Reproduce word for word the lines between the one containing "上空の寒気が予想以上に強まっ" and the end of the entries below, both inclusive; leave out pictures.

#### Material for this task ####

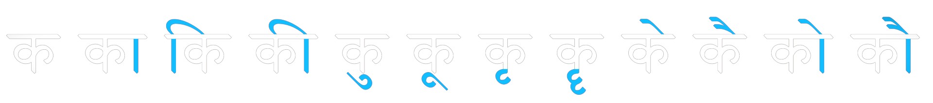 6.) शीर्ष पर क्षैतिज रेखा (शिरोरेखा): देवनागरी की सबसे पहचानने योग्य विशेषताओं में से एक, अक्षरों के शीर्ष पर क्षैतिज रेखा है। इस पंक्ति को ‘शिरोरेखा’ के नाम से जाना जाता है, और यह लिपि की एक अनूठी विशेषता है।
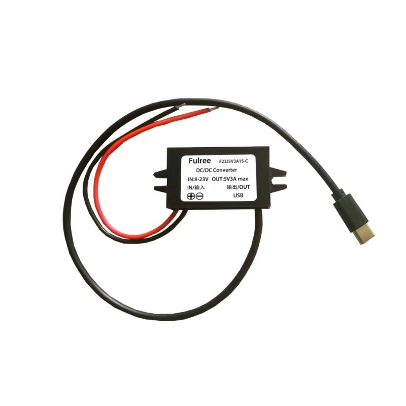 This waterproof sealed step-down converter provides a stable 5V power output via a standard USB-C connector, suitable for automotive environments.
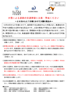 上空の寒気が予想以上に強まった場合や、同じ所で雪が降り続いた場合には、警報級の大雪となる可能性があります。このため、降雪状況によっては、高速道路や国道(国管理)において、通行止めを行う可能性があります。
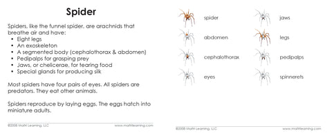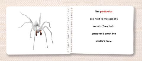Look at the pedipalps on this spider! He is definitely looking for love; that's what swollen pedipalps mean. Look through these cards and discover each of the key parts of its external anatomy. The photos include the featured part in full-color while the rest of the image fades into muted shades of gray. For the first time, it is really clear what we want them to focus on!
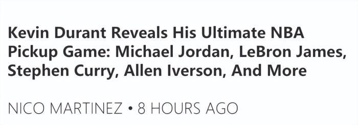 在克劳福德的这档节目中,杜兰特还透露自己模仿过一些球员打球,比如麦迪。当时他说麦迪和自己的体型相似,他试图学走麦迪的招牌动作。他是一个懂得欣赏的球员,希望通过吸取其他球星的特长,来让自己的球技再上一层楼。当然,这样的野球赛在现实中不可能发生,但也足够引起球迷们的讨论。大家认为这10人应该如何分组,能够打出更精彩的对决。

####

#### Completed task
 上空の寒気が予想以上に強まった場合や、同じ所で雪が降り続いた場合には、警報級の大雪となる可能性があります。このため、降雪状況によっては、高速道路や国道(国管理)において、通行止めを行う可能性があります。
Look at the pedipalps on this spider! He is definitely looking for love; that's what swollen pedipalps mean. Look through these cards and discover each of the key parts of its external anatomy. The photos include the featured part in full-color while the rest of the image fades into muted shades of gray. For the first time, it is really clear what we want them to focus on!
 在克劳福德的这档节目中,杜兰特还透露自己模仿过一些球员打球,比如麦迪。当时他说麦迪和自己的体型相似,他试图学走麦迪的招牌动作。他是一个懂得欣赏的球员,希望通过吸取其他球星的特长,来让自己的球技再上一层楼。当然,这样的野球赛在现实中不可能发生,但也足够引起球迷们的讨论。大家认为这10人应该如何分组,能够打出更精彩的对决。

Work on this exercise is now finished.